According to author of the application the above logs indicates normal activity. So the thread is just waiting for activity on mobile device side. But:

bash-3.00# netstat -a|grep 192.168.210.185
bash-3.00#

gives nothing ! There is no ESTABLISHED state (the application exchanges data with the devices using TCP/IP protocol and sockets). Whenever I check any other thread, e.g. 5778 I get:

bash-3.00# grep " 5778" nohup.out
S, 5778, 192.168.209.162-Connection-5758, 2007-05-15--10:24:07

and

bash-3.00# netstat -a |grep 192.168.209.162
inkaso220.6400 192.168.209.162.50639 2144 28 49312 0 ESTABLISHED

So each "normal" thread has TCP/IP socket in an ESTABLISHED state. But the thread 5069 has nothing ! It seems that the mobile device has already disconnected but the application doesn't register that.

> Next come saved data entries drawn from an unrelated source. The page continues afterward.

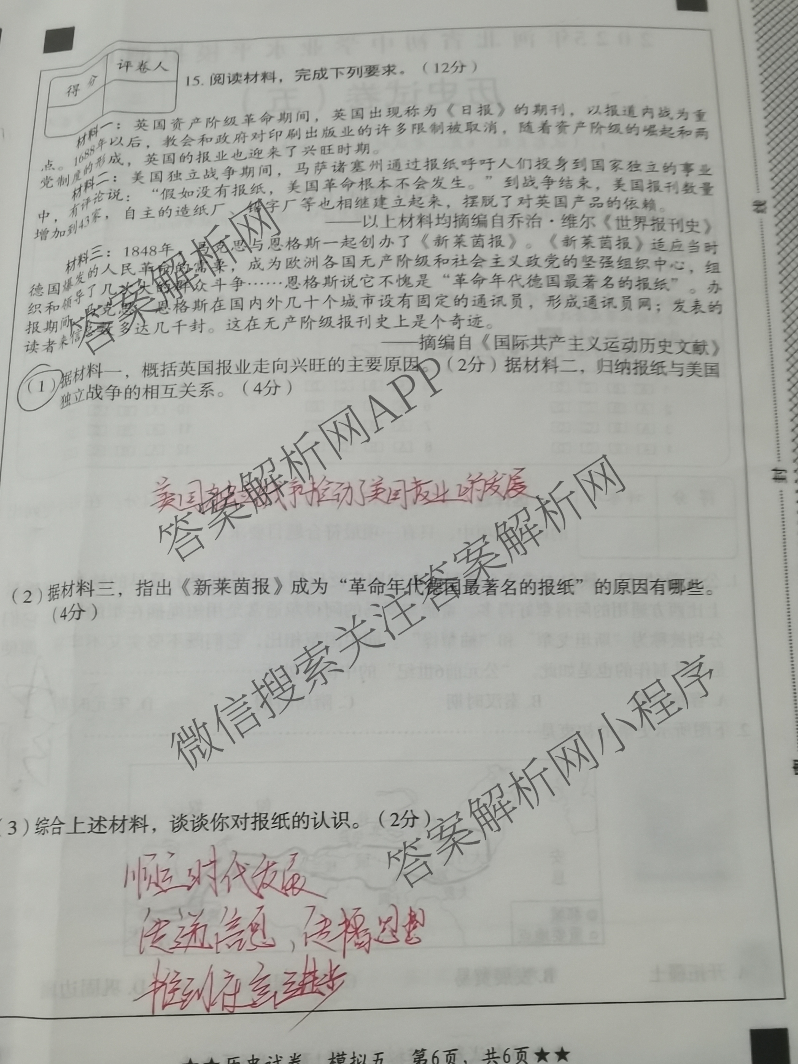 2025年河北省初中学业水平模拟测评(五)二星历史试题,目前分科卷答案网已经汇总了2025年河北省初中学业水平模拟测评(五)二星历史试题的各科答案和试卷,获取更多河北省初中学业水平模拟测评答案解析,请在关注本站。
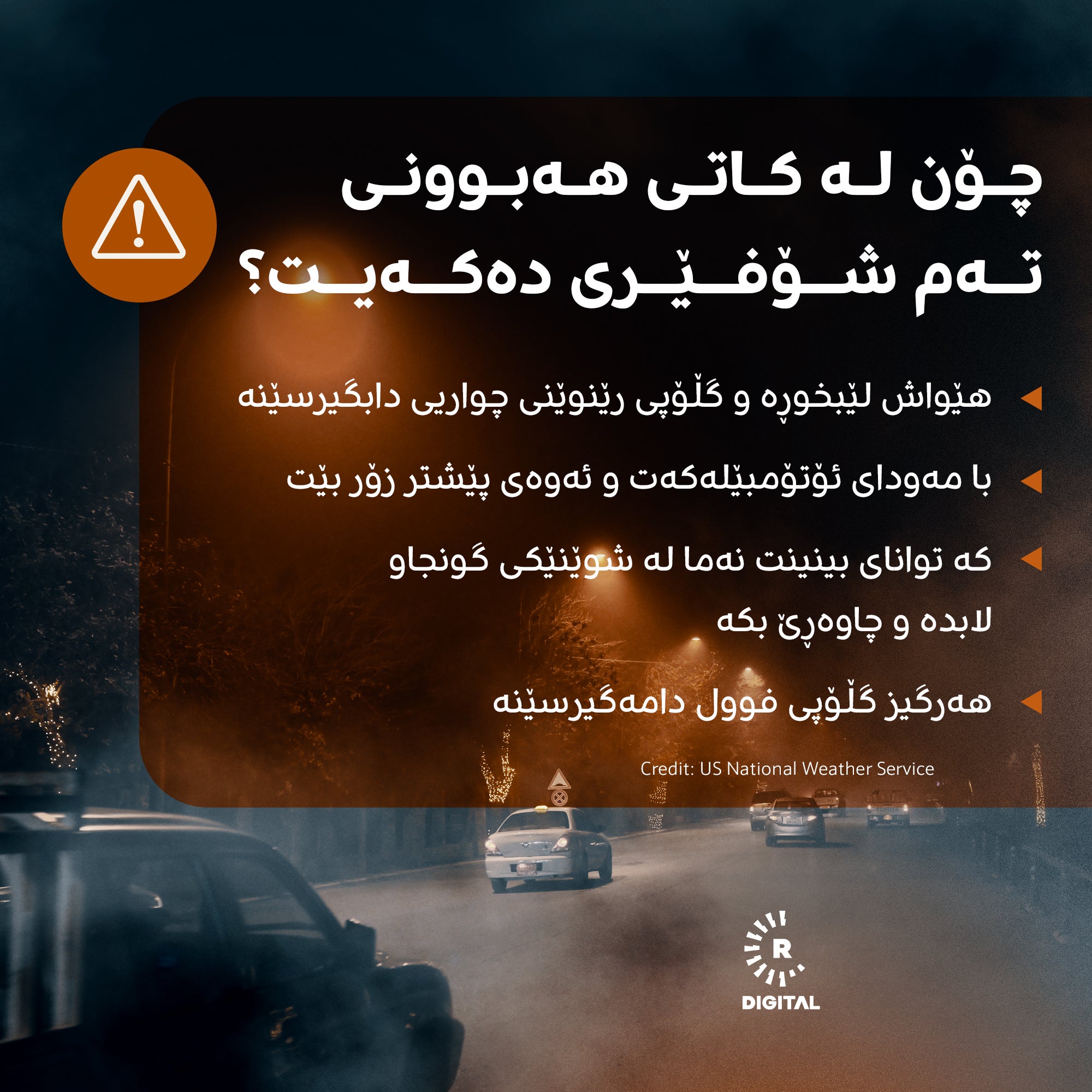 بەڕێوەبەرایەتیی هاتووچۆی سلێمانیش سێ رێنوێنی دەداتە شۆفێران بۆ جێبەجێکردنیان لە کاتی شۆفێریکردندا لە کەشوهەوای تەماویدا:
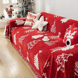 Chenille-Sofabezug mit Weihnachtsmotiv, festlich, rot, mit Baum- und Sternmotiv, als Weihnachtsdeko
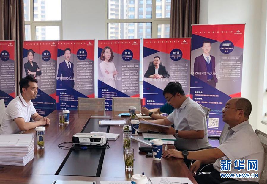 全國人大代表才華(右一)在天津一家律師事務所調(diào)研(資料照片)。新華社發(fā)
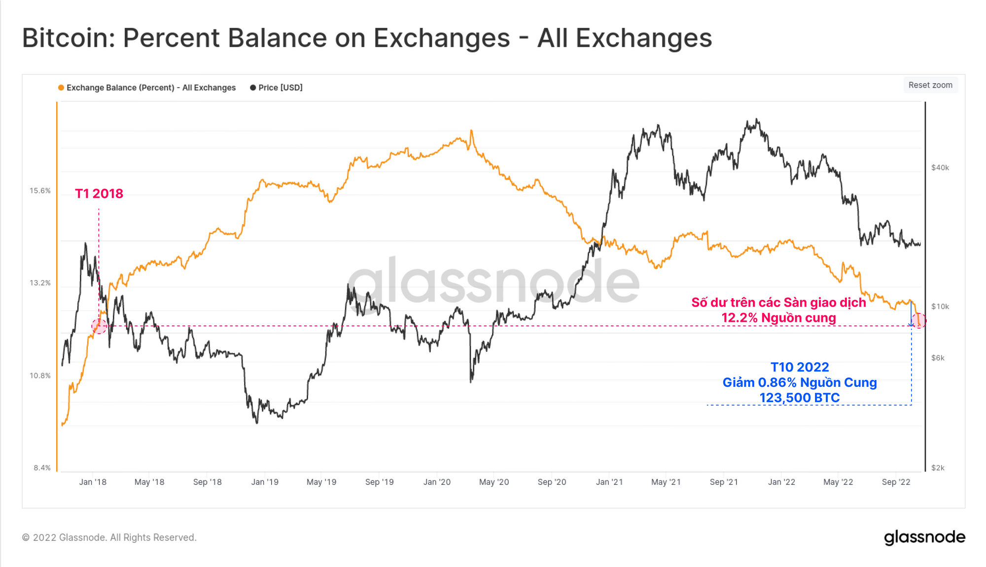 Lượng BTC được giữ trên các sàn giao dịch cũng tiếp tục giảm xuống mức thấp nhất trong nhiều năm trong suốt tháng 10 và quay trở lại bằng với tháng 1 năm 2018. Trên thực tế, tất cả khối lượng BTC chảy vào các sàn giao dịch kể từ mức cao nhất của chu kỳ trước, hiện đã được rút vào các ví không thuộc sở hữu của sàn.

I have shown that to the author and she mentioned that she doesn't check timeouts in TCP/IP sockets because there was such requirement during design (the mobile devices are connected using GPRS and it is cheaper (!) to hold already established connection for many hours then initiate a new one). She admitted that there is a line with setSoTimeout but it had been commented out. She agreed to uncomment it and see if it changes anything tomorrow after restart.